I am looking for opinions (hands-on based experience) towards your favourit feature selection (followed by dimensionality reduction) method for 10X-based scRNA-seq data. The motivation for this is that I recently stumbled over the GLM-PCA approach from Rafael Irizarry's lab (links see on the bottom of the post) which made me dive into the literature. As expected there are plenty of methods out there, each claiming to perform superior. Since GLM-PCA operates on raw counts it frees the uses from choosing from one of the many normalization strategies such as the ones implemented in e.g. scran or the choices provided by Seurat. This is admittedly not at all a precise question (therefore Forum post), and I hope to initiate some chat here about your current best practices that users inexperienced in the single-cell world (including myself) can take inspiration from.
Hi, thanks for your interest in GLM-PCA (I'm one of the authors). First of all, GLM-PCA is a dimension reduction method meant to be as similar to PCA as possible but just using a count-based likelihood (or loss function) instead of the implicit normal distribution likelihood of PCA. Since you seem to be mostly interested in feature selection (ie identifying highly informative genes), I encourage you to check out our R package scry (soon to be submitted to bioconductor) which includes feature selection based on deviance as an alternative to the more traditional "highly variable genes" approach. As you mention it operates on raw UMI counts so no need for normalization, and according to a recent comparison by an independent research group has been shown to perform well vs competing methods. The scry package also includes a null residuals transformation (similar to the sctransform method from Hafemeister et al) that can be fed directly to traditional PCA instead of normalized counts. The null residuals are basically a rough approximation to GLM-PCA that are much faster to compute. Alternatively, if you have another normalization/dimension reduction scheme in mind, you can just use the deviance feature selection to choose say the top 2,000 genes then do whatever you like with those. As a side note, we are actively working to improve the scalability and numerical stability of the GLM-PCA optimization routine, so stayed tuned for those updates in the future.
I saw the GLM-PCA benefits. I believe that there are at least some scenarios where it does perform better. However, does it actually uncover new biological insights? Many single-cell methods make significant improvements on some metrics and look impressive on paper, but very few would actually change the conclusions that were based on classic techniques.

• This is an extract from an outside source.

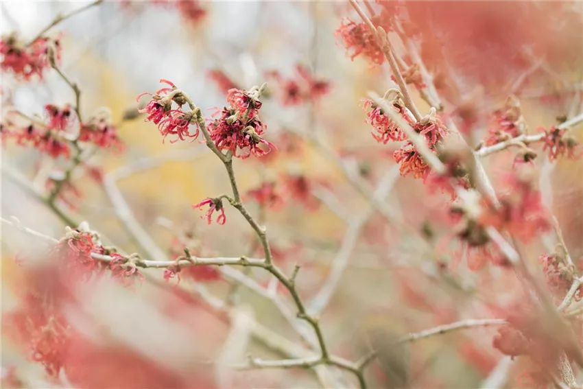 Kommen wir von weißem zu farbigem Flor. Da fällt sofort die Zaubernuss (Hamamelis) ins Auge. Kein Wintertag ist mehr öde und trist, wenn diese bizarre Schönheit blüht. Dieser prachtvolle Anblick war wohl die Ursache dafür, dass die Wünschelrutengänger sich ihre Zweige von dieser Pflanze schnitten, der sich geheimnisvolle Kräfte zusprachen. Lassen Sie eine gelb und eine rot blühende Pflanze ineinander wachsen! Ein weiterer gelber Winterblüher stellt sich mit dem Winterjasmin (Jasminum nudiflorum) vor. Bis in den Herbst hinein glänzt er mit seinem vornehmen Blattwerk, von dem er sich aber zum Winter verabschiedet. Stattdessen bietet er jetzt seine frostharten Blüten an. Auch ein Baum hat sich den frühen Winter für seine Blütezeit ausgesucht. Die Alstonia präsentiert sich am besten in größeren Gärten und Parkanlagen, denn sie wächst recht schnell und wird auch hoch. Er prangt das Jahr über mit seinem imposanten Blattwerk und ziert sich im November mit zarten grün-weißen Blüten.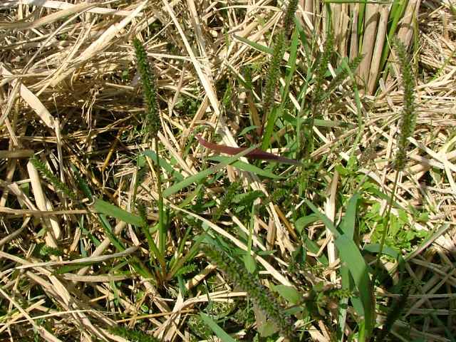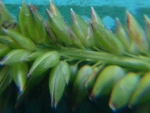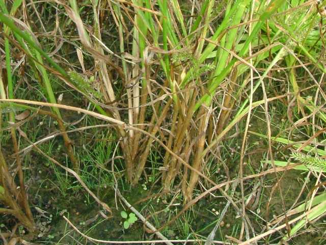 | 1年草 本州〜沖縄の湿潤な所に生育する。茎は高さ30〜60cm、直立・叢生。葉は長さ15〜30cm、幅3.5〜5mm、無毛、縁はざらつく。葉舌は厚く長さ0.5mm。葉鞘は無毛。花序は穂状、長さ6〜12cm、径5〜6mm。小穂は楕円形、淡紫色、上部にはまばらな毛があり、長さ2.8〜3mm、短い小梗をつけて花軸に密集し、2小花からなるが、第1小花は護穎だけとなる。第1包穎は三角状披針形、長さ1.5〜1.8mm。第2苞穎は広楕円形、小穂と同長、9脈。第1小花の護穎は第2包穎とほぼ同長。第2小花の護穎と内穎は革質、乳褐色、ガラス様の光沢がある。果実は乳灰褐色、長さ1mm。花期は8〜9月。(日本イネ科植物図譜) ハイヌメリグサの中で稈が叢生して草丈が高く、30〜60cmで、花序がしばしば暗紫褐色をおび、長さ3〜12cmのものをヌメリグサとして区別することががあるが中間型が多い。(日本の野生植物) 学名は、Sacciolepis spicata var. oryzetorum イネ科ヌメリグサ属 よく似た仲間にハイヌメリグサがある。 |

Personal anecdote: I tried not normalizing the data at all and expected completely nonsensical results. However, the major populations still clearly segregated.
Personal anecdote: I tried not normalizing the data at all and
expected completely nonsensical results. However, the major
populations still clearly segregated.
That is interesting observation indeed. Have you tried it with > n=1 to see if it is widely applicable?
My expectation is that you'd see fairly significant sample-to-sample effects with zero normalization, but would be interested in seeing if that's actually true.
That may be true. I normally see sample-to-sample effects regardless of normalization (without some sort of batch-correction methods like CCA/MNN/etc).
Think it also depends on sample. Normal PBMCs are fairly consistent between samples without batch correction through standard pipelines, assuming they're done fairly close to each other by the same person. Disease samples are a different story though.
Thanks will.townes for the pointer to the scry package. Will try.